Say Goodby Moldy Cheese

Buying in bulk can often save you a bit of money. But with cheese, if it's not used right away, mold soon makes waste of that savings.You do your best to save money. You buy items in bulk to save a bit more. For most things, this isn’t a problem but cheese is different. You could buy a loaf of cheese, cut it into smaller portions, and freeze the extra but then when you need more cheese, you have to hope it’s thawed and ready.

Or if you’re like me, you get home from shopping, you put everything away, you’re tired, and you don’t give a second thought to the big block of cheese in the fridge. Then, when you need some cheese, you just start slicing or shredding, and put the remainder of cheese back in the fridge, knowing if you don’t do something to stop it, mold will soon make waste of any savings you accomplished.

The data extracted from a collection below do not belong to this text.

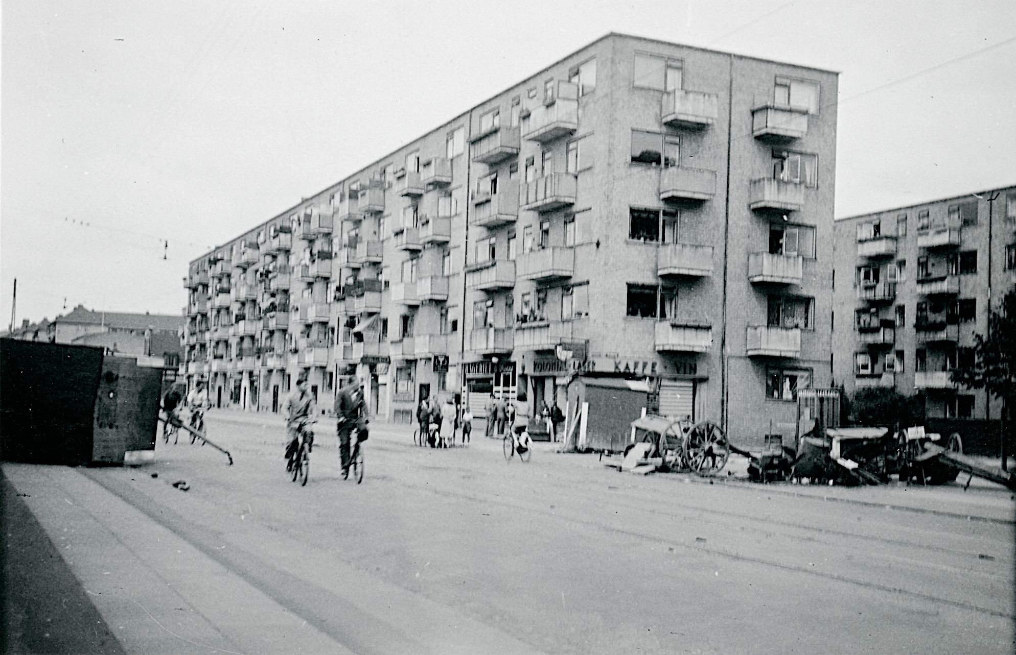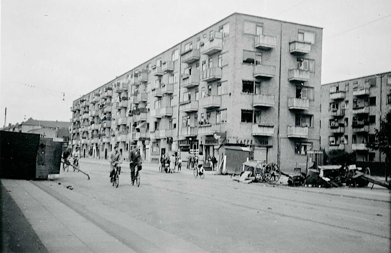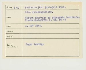 Maskingenkendt tekst fra fotokuvert: Uden stedsangivelse. Væltet skurvogn og påbegyndt barrikade Frederiksborgvej o. nr. 50
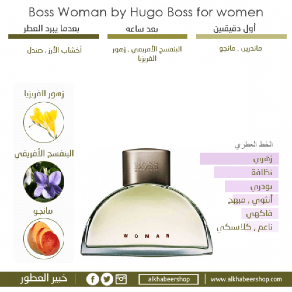 عطر هوغو بوس وومن الأبيض هو خيار مثالي للمرأة التي تسعى لترك انطباع أنثوي راقٍ يدوم طوال اليوم. بتوليفته الزهرية الناعمة ولمساته الخشبية الهادئة، يمنحك إحساساً بالأناقة والثقة في كل لحظة .
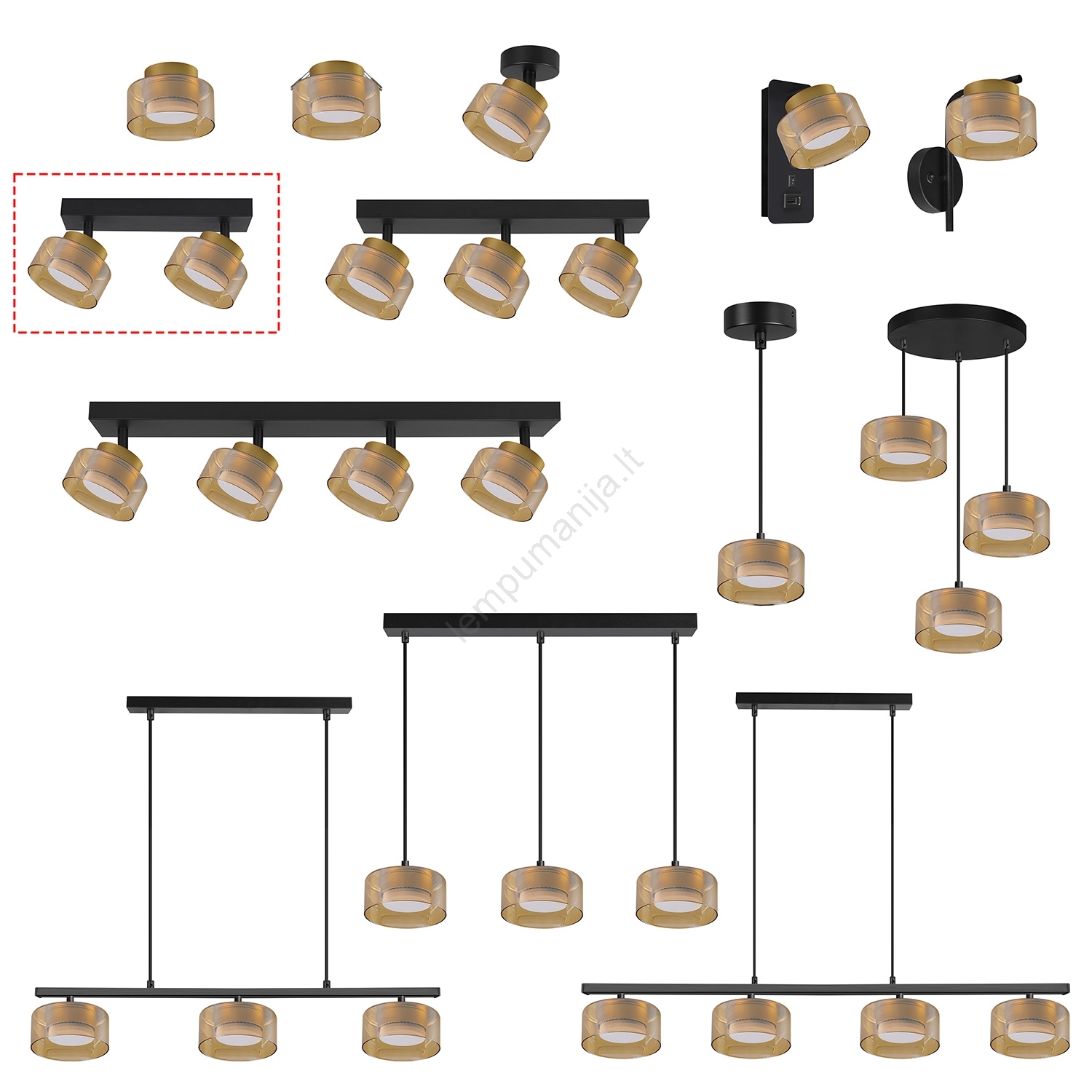 Brilagi - kryptinis šviestuvas AURA LUX 2xGX53/30W/230V juodas/auksinis | Lempumanija
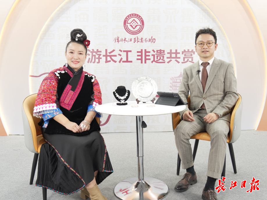 长江日报大武汉客户端10月26日讯(记者黄丽娟)一套完整的苗族嫁妆包括头帽、手镯、项圈、脚钏等银饰,一整套重达十几斤,价格在几万到几十万元之间。每逢盛大节日或亲朋好友到来,姑娘们就会戴上银饰盛装出席,载歌载舞以示欢迎和庆祝。10月26日下午,贵州省苗族银饰锻造技艺传承人吴春秀身着隆重的苗族盛装,做客长江日报“云游长江 非遗共赏”直播间时表示,苗族女孩的嫁妆从出生时就开始筹备,每一件银饰都是苗族文化传承的瑰宝。
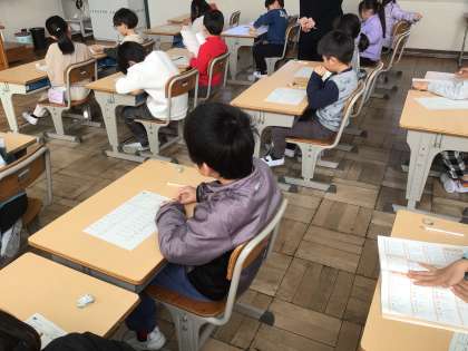 1年生国語では、漢字の学習をしています。授業の初めに漢字の復習で、プリント学習をしました。分からない漢字は、教科書で調べて書きました。
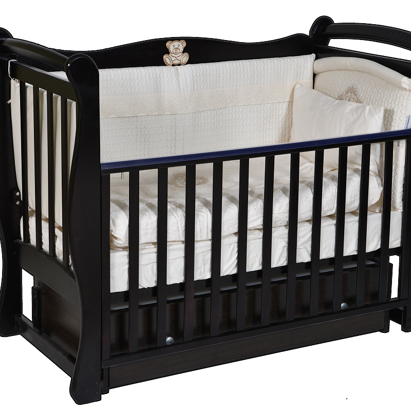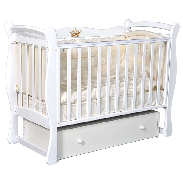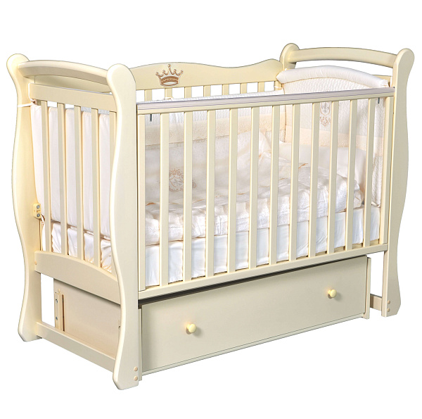 Модель «Виола» 1 — это классическая детская кроватка, сделанная из натурального дерева (березы), оснащенная универсальным маятником. Родители могут украсить кроватку симпатичной аппликацией короны или мишки (докупаются отдельно). Мебель российского производителя покрыта нетоксичным лаком, который не нанесет вреда здоровью малыша и всем обитателям детской комнаты. Дополнительно верхняя часть бортика защищена от повреждений мягкими накладками. Ребенок в период активного роста зубов может спокойно покусывать эти приспособления вместо самой кроватки.
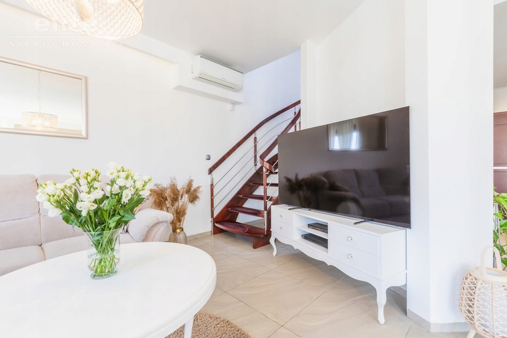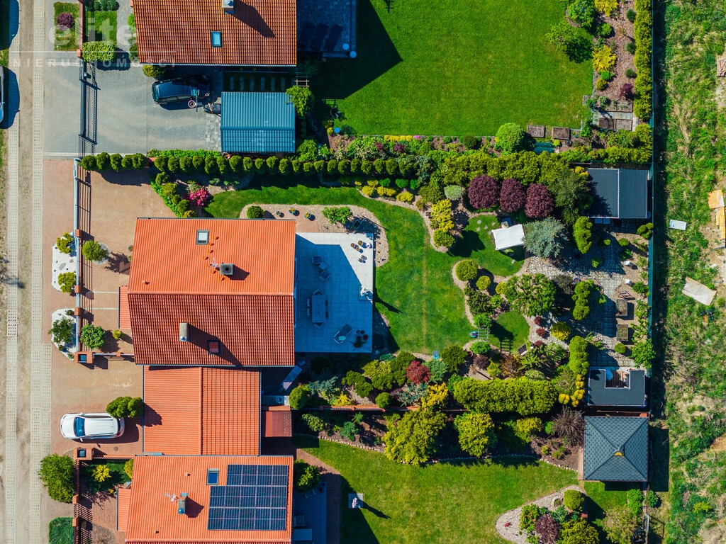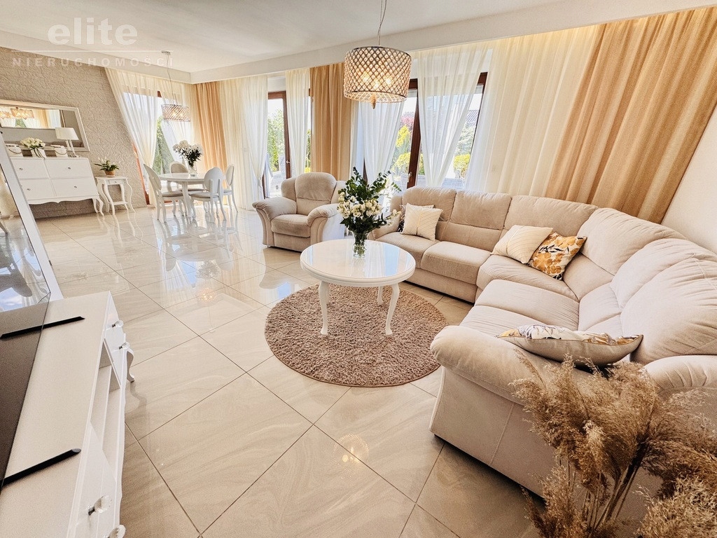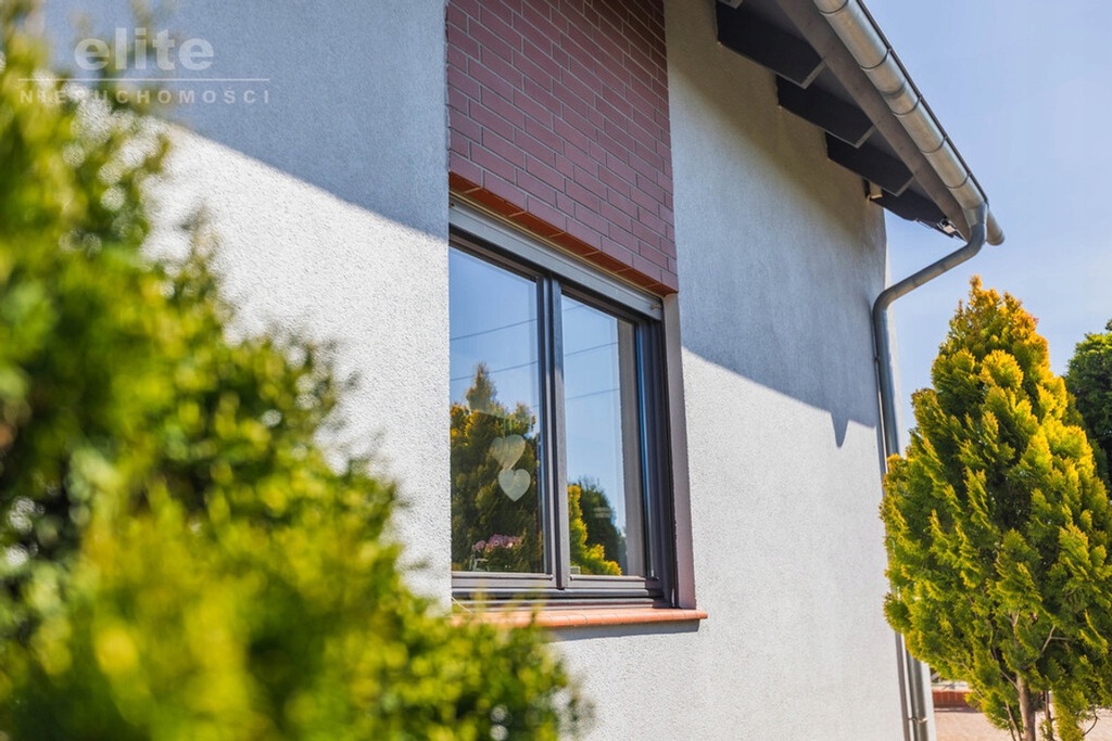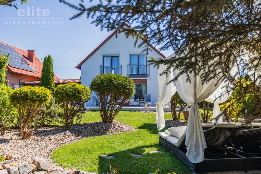Dom (o powierzchni użytkowej ok. 157 m2/całkowitej 230 m2) posadowiony jest na pięknie zagospodarowanej w nasadzenia i roślinność działce o powierzchni ok. 700 m2). Ogród wyposażony w system ogrodowego podlewania. Duży 50 m2 taras wykonany w technologii wentylowanej a nad nim markiza sterowana na pilota. A w sezonie letnim sprawdzi się kuchnia letnia znajdująca się przy budynku.

What Causes Mold To Grow On Cheese?

Moldy Cheese

There are at least a couple of reasons mold will begin to form on your cheese…

  • Microbes on your hands. No matter how well you wash your hands, microscopic bacteria, fungus, and yeasts are a fact of life. When you touch the cheese, these microscopic organisms are transferred.
  • Fungus spores are everywhere. Your home has a unique mix of bacteria, molds, and yeasts floating in the air. These organisms will come in contact with your cheese.

No More Moldy Cheese

There are a few ways to reduce, or eliminate, the problem of mold forming on your cheese. There are special “cheese bags” and “cheese paper”. If you purchase your cheeses from a gourmet store, they may carry these items. However, it is recommended that these special cheese wrappers be replaced every time you unwrap the cheese.

Shredded CheeseYou could freeze your cheese but according to the National Dairy Council, although frozen cheese will remain safe to consume, it will typically change texture and often become crumbly once thawed.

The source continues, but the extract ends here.